Anakku lahir secara normal dengan berat 4,3 kg dan tinggi 53 cm. Untuk ukuran bayi termasuk besar sehingga tidak nampak seperti dilahirkan pada umumnya. Proses lahir nya sendiri tidak lumrah. Dokter sebenarnya sudah mempersiapkan untuk cesar karena bayinya besar, leher terlilit usus dan aku terkena asma. Tapi hari itu aku terjatuh dan mengalami pendarahan pada malam harinya.

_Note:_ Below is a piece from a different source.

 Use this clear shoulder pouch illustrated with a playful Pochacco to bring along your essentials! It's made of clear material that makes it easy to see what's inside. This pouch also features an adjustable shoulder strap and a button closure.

Subuh-subuh ke dokter ternyata sudah bukaan 8. Padahal perkiraan lahirnya masih 3 minggu lagi. Gak ada pilihan lain kata dokter, “mari bu kita coba lahir normal” . Udah bukaan 8 seneng dong, tinggal sebentar lagi. Tapi ternyata pas bukaan 10 bayinya berhenti, macet gak maju gak mundur. Rasanya? Sakit luar biasa. Bahkan sampai sekarang masih suka terbayang rasanya. Setelah hampir satu jam baru bayi bisa keluar. Dan aku pun pingsan kehabisan tenaga. Tidak sempat melihat muka bayinya. Siang hari setelah bayi dibersihkan baru aku bisa melihat dan menggendongnya. Anak perempuanku telah lahir. dengan selamat. Alhamdulillah.

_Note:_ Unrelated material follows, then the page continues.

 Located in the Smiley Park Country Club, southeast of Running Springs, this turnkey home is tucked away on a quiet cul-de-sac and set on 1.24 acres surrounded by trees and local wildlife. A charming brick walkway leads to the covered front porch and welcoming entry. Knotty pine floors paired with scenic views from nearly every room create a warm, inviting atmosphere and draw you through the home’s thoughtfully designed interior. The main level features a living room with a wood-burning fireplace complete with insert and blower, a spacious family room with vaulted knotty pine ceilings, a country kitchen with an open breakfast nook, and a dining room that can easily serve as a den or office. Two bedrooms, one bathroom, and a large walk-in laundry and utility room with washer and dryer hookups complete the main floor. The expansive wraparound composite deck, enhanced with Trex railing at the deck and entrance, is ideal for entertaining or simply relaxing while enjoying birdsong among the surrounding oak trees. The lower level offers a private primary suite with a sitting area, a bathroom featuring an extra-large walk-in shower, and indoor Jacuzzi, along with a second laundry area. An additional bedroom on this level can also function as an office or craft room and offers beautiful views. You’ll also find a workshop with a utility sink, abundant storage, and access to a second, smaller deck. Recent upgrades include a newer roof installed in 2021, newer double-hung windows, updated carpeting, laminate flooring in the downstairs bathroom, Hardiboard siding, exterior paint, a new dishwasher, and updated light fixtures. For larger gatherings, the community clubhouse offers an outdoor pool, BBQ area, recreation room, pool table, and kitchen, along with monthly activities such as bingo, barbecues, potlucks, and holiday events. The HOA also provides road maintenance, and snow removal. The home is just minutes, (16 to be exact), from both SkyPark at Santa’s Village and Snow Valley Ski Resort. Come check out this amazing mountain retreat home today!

Malam harinya aku kesakitan dan tidak bisa tidur. Sambil berjalan tertatih-tatih aku masuk ke ruang suster. Sama suster entah dikasih obat apa (gak sempat nanya dan gak kepikiran juga saking sakitnya) sambil diberi pesan, “Bu ini hanya untuk malam ini ya. Darurat. Besok kalo masih sakit harus ke dokter.”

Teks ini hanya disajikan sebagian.